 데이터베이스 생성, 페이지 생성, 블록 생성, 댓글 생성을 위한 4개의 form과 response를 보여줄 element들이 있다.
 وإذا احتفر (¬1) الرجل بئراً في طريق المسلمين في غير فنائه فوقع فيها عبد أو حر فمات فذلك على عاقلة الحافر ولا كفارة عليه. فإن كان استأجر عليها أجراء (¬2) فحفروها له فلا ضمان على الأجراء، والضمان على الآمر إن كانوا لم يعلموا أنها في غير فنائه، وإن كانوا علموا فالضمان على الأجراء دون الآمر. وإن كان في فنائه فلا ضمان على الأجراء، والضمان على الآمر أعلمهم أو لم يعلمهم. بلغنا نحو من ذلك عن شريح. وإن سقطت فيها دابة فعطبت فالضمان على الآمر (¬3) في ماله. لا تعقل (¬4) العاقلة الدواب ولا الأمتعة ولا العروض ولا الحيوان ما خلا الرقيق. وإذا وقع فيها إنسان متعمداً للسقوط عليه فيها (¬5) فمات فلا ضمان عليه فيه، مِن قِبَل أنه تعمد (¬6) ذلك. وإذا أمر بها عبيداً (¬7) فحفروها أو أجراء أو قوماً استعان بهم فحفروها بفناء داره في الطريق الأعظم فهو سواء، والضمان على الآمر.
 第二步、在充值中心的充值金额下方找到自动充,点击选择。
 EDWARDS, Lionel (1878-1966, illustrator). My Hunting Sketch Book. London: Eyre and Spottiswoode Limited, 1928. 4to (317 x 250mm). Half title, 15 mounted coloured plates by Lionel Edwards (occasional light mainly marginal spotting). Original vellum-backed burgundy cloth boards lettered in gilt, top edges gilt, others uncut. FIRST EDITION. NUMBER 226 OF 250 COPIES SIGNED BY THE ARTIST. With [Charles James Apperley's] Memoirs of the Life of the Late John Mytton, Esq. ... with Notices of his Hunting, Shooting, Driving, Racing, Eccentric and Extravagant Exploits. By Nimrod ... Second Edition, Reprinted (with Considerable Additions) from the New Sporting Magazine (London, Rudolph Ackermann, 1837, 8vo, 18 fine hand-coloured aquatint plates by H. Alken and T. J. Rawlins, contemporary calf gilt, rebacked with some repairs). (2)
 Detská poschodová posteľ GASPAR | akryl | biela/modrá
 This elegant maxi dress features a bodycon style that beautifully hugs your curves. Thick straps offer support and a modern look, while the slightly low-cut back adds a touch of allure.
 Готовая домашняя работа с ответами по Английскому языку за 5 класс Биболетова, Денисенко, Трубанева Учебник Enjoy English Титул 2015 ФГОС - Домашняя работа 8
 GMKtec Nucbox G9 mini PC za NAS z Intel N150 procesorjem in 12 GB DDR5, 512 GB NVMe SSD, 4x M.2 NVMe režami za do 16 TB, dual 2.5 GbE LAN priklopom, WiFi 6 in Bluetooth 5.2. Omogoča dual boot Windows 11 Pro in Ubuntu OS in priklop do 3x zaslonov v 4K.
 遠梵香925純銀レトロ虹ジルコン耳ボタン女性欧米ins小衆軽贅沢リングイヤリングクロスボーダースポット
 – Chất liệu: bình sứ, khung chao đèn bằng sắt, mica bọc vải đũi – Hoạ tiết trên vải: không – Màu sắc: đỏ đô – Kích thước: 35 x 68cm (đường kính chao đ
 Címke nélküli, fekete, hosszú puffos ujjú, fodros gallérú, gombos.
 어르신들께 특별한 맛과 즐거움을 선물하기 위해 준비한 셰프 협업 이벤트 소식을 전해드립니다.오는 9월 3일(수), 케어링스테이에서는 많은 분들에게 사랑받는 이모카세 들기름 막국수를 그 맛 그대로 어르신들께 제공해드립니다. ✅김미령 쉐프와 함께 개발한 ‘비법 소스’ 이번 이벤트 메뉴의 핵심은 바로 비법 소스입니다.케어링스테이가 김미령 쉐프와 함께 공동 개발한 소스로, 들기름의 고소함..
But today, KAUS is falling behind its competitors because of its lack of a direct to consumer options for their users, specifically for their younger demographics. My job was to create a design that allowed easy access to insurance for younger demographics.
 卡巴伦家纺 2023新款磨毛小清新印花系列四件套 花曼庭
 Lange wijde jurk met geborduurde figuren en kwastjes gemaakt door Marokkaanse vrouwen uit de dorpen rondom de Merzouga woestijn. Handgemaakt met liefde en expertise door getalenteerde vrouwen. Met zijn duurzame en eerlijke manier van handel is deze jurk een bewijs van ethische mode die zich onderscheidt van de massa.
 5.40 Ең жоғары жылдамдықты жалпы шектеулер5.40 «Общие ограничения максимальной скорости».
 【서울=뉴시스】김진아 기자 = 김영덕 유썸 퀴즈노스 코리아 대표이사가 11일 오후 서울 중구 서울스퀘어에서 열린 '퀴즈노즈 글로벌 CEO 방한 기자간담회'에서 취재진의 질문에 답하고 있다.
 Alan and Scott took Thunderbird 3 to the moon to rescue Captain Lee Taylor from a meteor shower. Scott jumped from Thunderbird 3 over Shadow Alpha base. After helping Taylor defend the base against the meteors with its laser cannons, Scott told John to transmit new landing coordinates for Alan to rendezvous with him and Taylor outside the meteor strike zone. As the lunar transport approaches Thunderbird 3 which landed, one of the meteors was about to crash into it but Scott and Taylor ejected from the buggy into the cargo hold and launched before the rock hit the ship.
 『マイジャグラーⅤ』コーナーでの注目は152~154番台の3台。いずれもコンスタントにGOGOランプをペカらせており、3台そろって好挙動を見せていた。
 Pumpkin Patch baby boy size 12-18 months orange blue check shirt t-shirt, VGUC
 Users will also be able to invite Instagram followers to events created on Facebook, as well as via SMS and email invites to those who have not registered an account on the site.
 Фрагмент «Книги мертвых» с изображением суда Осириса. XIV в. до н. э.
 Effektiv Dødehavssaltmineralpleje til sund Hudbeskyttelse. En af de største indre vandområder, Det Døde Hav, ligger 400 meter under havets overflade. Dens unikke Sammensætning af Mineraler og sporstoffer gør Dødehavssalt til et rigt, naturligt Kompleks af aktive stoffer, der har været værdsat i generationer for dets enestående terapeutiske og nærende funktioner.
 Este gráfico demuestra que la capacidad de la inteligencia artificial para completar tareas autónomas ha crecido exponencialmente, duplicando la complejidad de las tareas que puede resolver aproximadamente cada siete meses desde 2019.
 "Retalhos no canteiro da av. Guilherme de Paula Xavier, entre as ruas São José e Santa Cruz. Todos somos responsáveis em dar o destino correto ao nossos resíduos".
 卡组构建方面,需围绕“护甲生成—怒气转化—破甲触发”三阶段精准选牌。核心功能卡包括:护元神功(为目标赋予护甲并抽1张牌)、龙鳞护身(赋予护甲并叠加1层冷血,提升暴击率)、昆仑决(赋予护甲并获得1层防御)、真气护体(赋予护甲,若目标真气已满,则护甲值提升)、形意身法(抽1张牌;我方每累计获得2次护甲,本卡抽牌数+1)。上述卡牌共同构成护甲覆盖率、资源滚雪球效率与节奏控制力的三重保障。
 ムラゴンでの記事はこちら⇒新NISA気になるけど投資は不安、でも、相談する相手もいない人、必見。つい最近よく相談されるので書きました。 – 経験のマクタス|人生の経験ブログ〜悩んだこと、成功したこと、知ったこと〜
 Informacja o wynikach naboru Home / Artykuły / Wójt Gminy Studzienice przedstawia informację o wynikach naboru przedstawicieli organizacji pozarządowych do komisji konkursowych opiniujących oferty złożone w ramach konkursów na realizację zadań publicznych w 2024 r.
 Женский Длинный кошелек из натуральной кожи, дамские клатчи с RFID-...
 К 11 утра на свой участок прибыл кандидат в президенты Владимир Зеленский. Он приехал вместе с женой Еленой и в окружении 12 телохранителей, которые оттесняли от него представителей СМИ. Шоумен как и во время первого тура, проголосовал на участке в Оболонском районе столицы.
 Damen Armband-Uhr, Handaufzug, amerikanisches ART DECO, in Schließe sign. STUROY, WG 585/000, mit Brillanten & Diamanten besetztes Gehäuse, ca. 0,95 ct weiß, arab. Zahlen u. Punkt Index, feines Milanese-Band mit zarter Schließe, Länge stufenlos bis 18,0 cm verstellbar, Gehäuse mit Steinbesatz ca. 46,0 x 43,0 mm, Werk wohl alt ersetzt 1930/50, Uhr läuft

*Try it:* Since only lines holding the word "that" matter, count them in the data above and report the number alone.

*Solution for this exercise:* 2